Ústí nad Orlicí is a city in the Ústí nad Orlicí District, Pardubice Region in Eastern Bohemia in the Czech Republic. The town is in the Orlické Mountains where the Tichá Orlice and the Třebovka rivers meet.
Ústí nad Orlicí was first called Wilhelmswert and was part of the Herrschaft Landskron. Wildenschwert was founded 1241 by Wilhelm von Dürnholz. In 1292 the Bohemian King Wenzel II. gifted the town to the Cistercian monks at Königsaal. They passed the town to the Leitomischl bishopric in 1358. After the Hussite Rebellion, when the churches influence was eclipsed, the town was owned by the Kostka von Postupice, the von Pernstein and the Hrzan von Harras families. Wildenschwert was first referred to as a town in 1544. Wildenschwert was a German-speaking town in Austro-Hungary until it was allocated to Czechoslovakia in 1918 at the conclusion of the World War I.

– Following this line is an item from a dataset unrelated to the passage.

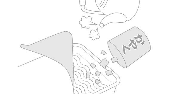 かやくをめんの上にあけ、熱湯を内側の線まで注ぎ、フタをします。

The vast majority of the population used to live on agriculture and domestic weaving crafts. The expansion of the textile industry and the engineering production came in the middle of the 19th century in relation with construction of the railway from Olomouc to Prague. These factors influenced life of the town so much that the town became to be called the East Bohemian Manchester.

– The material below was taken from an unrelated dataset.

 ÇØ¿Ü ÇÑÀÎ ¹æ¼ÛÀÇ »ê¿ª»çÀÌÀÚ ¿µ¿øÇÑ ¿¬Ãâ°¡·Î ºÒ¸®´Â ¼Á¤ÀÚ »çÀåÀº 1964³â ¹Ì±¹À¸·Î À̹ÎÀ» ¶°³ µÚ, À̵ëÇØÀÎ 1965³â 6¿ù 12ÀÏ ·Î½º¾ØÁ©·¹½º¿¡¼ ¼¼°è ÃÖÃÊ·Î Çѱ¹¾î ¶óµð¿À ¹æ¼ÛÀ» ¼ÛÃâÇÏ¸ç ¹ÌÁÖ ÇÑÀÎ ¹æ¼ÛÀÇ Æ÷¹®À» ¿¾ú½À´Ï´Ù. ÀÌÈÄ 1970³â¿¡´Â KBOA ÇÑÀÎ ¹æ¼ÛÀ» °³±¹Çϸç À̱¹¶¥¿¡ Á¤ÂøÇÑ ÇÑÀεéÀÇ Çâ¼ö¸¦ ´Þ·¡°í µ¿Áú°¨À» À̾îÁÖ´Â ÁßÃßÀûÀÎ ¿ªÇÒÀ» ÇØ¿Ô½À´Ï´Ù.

The town of Ústí nad Orlicí has also an important cultural tradition brought by great musical personalities. Among all of them, we can name Jaroslav Kocian (a violin virtuoso) and Bohuš Heran (a violoncellist) whose legacy is annually during the international music competitions. The town has one of the oldest choirs in Central Europe, Cecil’s Music Association. Other significant traditions include painting and building of Christmas cribs whose origins could be found far back in the 18th century.